Attention to newer types of infrastructure needs is helping communities across the country to increase their economic development relevance. Consider the Indiana community of South Bend, situated right in the middle of the Rust Belt, with a long history of making durable goods from Studebakers to military vehicles. Today, it's emerging as a hot spot for data centers, thanks to strong data links and attention paid to the needs of technology businesses. Earlier this year, Data Realty LLC announced plans to build a data center at Ignition Park, a technology park that happens to sit on the same piece of real estate where Studebakers were once assembled. The city already has six commercial data centers serving customers across the Midwest.
More Traditional Infrastructure
That's not to say that more traditional varieties of infrastructure have lost their importance or influence. One of the world's oldest infrastructure types, water transportation, has been crucial to the success of a $3.8 billion modernization project at BP's refinery in Northwest Indiana. It's a project proceeding on a massive scale, and some of its key components have been shipped in from overseas by way of the St. Lawrence Seaway. Some materials have arrived at the Port of Indiana, others at a special 54-acre barge dock BP built just for this purpose on land leased from a nearby steel mill. According to BP officials, having port facilities nearby is critical because some components are so highly specialized that they can only be sourced internationally - and they are so huge that they have to come by ship or barge.
Kia Motors faced a similar situation working on an expansion at its Kia Motors Manufacturing Georgia Inc. facility in West Point, Ga. The project called for shipments of special machinery from Korea, including pieces weighing up to 170 tons. The equipment was shipped from Pyeongtaek, South Korea, to the Port of Savannah and hauled 300 miles across the state, a feat that required special logistical arrangements including a fleet of trailers and trucks. The components are being assembled into steel-stamping machinery that will turn out various vehicle body panels and support 1,000 new jobs, and state officials say they're glad to have invested in the transportation and logistics infrastructure that made the expansion possible.
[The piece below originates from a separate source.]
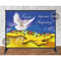 Патриотический баннер “Боже, бережи Україну!“, голубь мира. 2х1,5м Фотозона (без каркаса)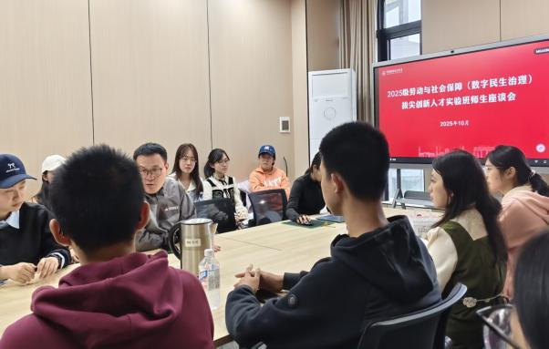 (通讯员:马李梦)2025年11月1日下午,劳保2501(数字民生治理)实验班师生座谈会及“你好呀,新同学”秋日破冰心理班会于文瀚楼东803A会议室顺利举行。班级导师薛新东教授与全体同学齐聚一堂,围绕学业发展与心灵成长展开深入交流。同学们在导师的悉心指导下收获良多,并在温馨活泼的破冰活动中增强了班级凝聚力,实现了知识与情感的双向提升。

Of course, as it always has been, highway access remains a key infrastructure issue driving many development projects, such as the Canon U.S.A. Americas headquarters being built on a former pumpkin farm along the Long Island Expressway in Melville, N.Y. Observes Figliola, the transportation requirements of large groups of people can be just as big a challenge as directing truck traffic at a distribution center: "How do you get more than 2,500 people in and out of the facility?"
In order for the project to move forward, millions of dollars in road improvements have been required, allowing construction access as well as making way for the thousands of Canon employees who'll be based there when it opens.
"Infrastructure is incredibly important to most companies when considering where to develop and expand," Figliola notes, with requirements ranging from roads to more robust sewers. "Manufacturers and distribution businesses need to be close to main thoroughfares to easily transport their products in and out of the region quickly, and most regions require sewage systems to increase the density of the building."
Transportation and logistics infrastructure advantages also are among the factors that persuaded Electrolux to pick Memphis for its new North American Cooking Products manufacturing center, according to Figliola. The company expects to begin transitioning production into the 700,000-square-foot facility in 2012.